> **RECORDS TO PROCESS**:
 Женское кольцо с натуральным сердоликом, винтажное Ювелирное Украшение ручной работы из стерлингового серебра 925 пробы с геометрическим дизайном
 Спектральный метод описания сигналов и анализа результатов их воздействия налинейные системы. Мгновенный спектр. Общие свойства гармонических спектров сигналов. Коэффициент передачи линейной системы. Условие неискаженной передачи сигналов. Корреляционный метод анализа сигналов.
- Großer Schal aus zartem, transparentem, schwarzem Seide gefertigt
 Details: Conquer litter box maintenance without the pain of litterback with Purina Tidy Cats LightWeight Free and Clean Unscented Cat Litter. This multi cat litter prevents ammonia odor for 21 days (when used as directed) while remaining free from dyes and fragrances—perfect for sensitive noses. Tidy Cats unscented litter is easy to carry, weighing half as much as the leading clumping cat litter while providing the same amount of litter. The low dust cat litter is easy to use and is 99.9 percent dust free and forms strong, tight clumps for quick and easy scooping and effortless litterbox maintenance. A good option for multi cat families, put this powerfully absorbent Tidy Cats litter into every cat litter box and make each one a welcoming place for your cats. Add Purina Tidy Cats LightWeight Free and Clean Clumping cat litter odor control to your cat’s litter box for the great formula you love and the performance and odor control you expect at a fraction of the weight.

==

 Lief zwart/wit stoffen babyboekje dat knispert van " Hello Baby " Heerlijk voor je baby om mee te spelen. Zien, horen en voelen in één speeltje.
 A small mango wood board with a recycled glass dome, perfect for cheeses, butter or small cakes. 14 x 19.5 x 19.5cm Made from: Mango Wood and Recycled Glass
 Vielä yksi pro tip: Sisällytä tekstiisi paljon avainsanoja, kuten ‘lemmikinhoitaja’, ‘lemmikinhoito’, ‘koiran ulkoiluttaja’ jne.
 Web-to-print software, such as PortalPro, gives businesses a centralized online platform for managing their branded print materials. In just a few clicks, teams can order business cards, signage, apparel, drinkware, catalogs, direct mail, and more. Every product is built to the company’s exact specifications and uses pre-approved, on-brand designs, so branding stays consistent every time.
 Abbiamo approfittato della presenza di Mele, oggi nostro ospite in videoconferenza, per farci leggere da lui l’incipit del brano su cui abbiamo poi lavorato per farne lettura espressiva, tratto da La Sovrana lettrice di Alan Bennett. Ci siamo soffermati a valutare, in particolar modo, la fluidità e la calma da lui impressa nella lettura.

==

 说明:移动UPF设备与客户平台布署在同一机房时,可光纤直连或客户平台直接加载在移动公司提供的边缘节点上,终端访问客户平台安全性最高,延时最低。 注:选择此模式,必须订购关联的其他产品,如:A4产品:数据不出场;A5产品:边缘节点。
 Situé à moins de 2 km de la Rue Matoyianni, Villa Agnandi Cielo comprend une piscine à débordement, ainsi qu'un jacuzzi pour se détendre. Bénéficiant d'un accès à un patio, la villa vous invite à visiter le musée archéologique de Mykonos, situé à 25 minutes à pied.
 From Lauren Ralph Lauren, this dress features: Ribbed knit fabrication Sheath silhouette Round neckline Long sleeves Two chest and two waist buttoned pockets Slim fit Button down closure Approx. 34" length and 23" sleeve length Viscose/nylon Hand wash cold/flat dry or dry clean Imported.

> **ASSIGNED TASK**: Every line above from the line with "Lief zwart/wit stoffen" to the line with "A small mango" is wanted, ends included; write them out exactly and add no other line.

> **EXERCISE ANSWER**:
 Lief zwart/wit stoffen babyboekje dat knispert van " Hello Baby " Heerlijk voor je baby om mee te spelen. Zien, horen en voelen in één speeltje.
 A small mango wood board with a recycled glass dome, perfect for cheeses, butter or small cakes. 14 x 19.5 x 19.5cm Made from: Mango Wood and Recycled Glass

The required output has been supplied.